The responses mirror how society, through the media, social media, and religion, constructs perceptions at a very early age. Children speak of YouTubers, slogans such as "Love is Love" and discuss the concept of sin in various religions.
But the children are often not sure about the meanings of those words; they were curious and wanted answers. "Some kids ask me how I know I'm a lesbian because I don't have short hair. Others ask what sex toys are and the way gay sex is done," Fournier said with a smile.
Then, Fournier uses a map of the world to discuss the global state of gender diversity. She shows them countries where homosexuality is outlawed and where it can be punished by death. She shows them places with marriage equality and advanced hate laws exist.
"Most children are surprised that Switzerland is not really advanced," she said.
The international comparison serves to show children that incremental differences exist and that sexual rights need to be fought for to become a reality.
Then Fournier divides the class into smaller groups. The smaller groups are paired with ABQ volunteers who share their life stories. They talk about their childhood and family background, share photos of their families and friends. The purpose is to let students know that every LGBTIQ, just like everyone else, has a multifaceted identity that goes far beyond their sexual orientation.
Then discussions revolve around coming out, using the experience of their first love. "Everyone does something stupid the first time they're in love, and we start with that," said Fournier.
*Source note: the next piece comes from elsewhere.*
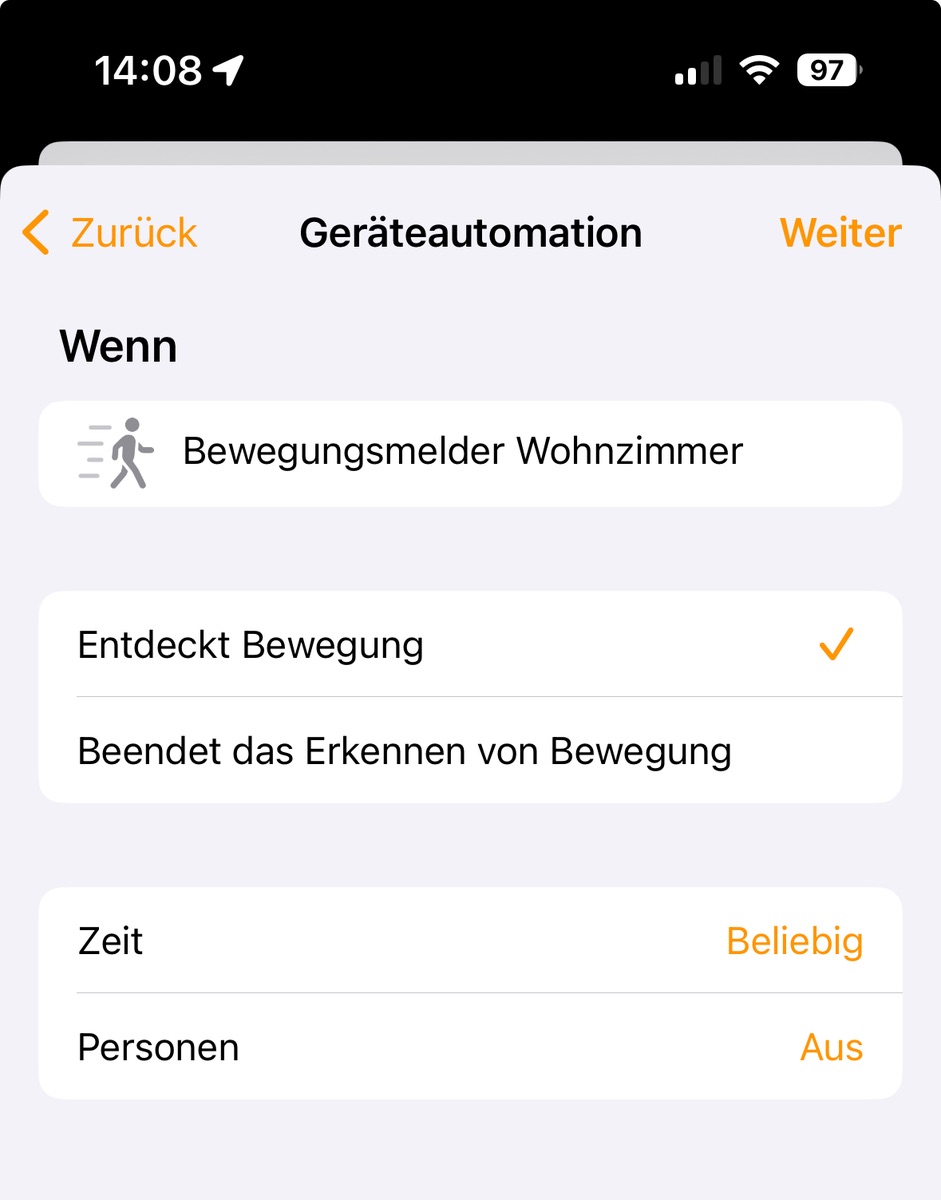 Er will ja eine Regel, wenn ein Mensch erkannt wird. Ich mache das über die Anwesenheitserkennung in HomeKit, zumindest mit der Welcome geht das.

The goal is to show students that LGBTIQ relationships and heterosexual relationships are the same. For high school students, falling in love is an attractive topic. Everything from confessions to first sexual experiences is often hotly debated.
"The kids are often moved because they don’t expect us to share these things so honestly," said Fournier. The volunteers discuss their sadness, excitement, setbacks, moments of bravery and healing, things that they would often otherwise consider secrets.
Unlike in Taiwan, a backlash at Swiss schools is rare
These exchanges don’t always go well. At one school, a conservative teacher lectured the class about the negative views of religious groups on homosexuality and listed various ways to "cure" homosexuality. ABQ had to cancel its training at the school.
On another occasion, when Fournier asked students to provide anonymous feedback, a student suggested that gays should be arrested and killed. She informed the school. A meeting with a social worker and the children’s parents was arranged. It turned out that a group of students had written the note merely to provoke outrage.
Overall, the vast majority of students have responded positively to the exchanges. They confided their own experiences, including on unrelated issues such as difficulties at school, or bias they have experienced as members of minorities.
As society and the media discuss more and more about LGBTIQ people, Fournier said that other minorities, such as disabled people and migrants, also deserve the same level of advocacy.
“The best thing to do with children is to make them meet people who can tell their own stories,” she said.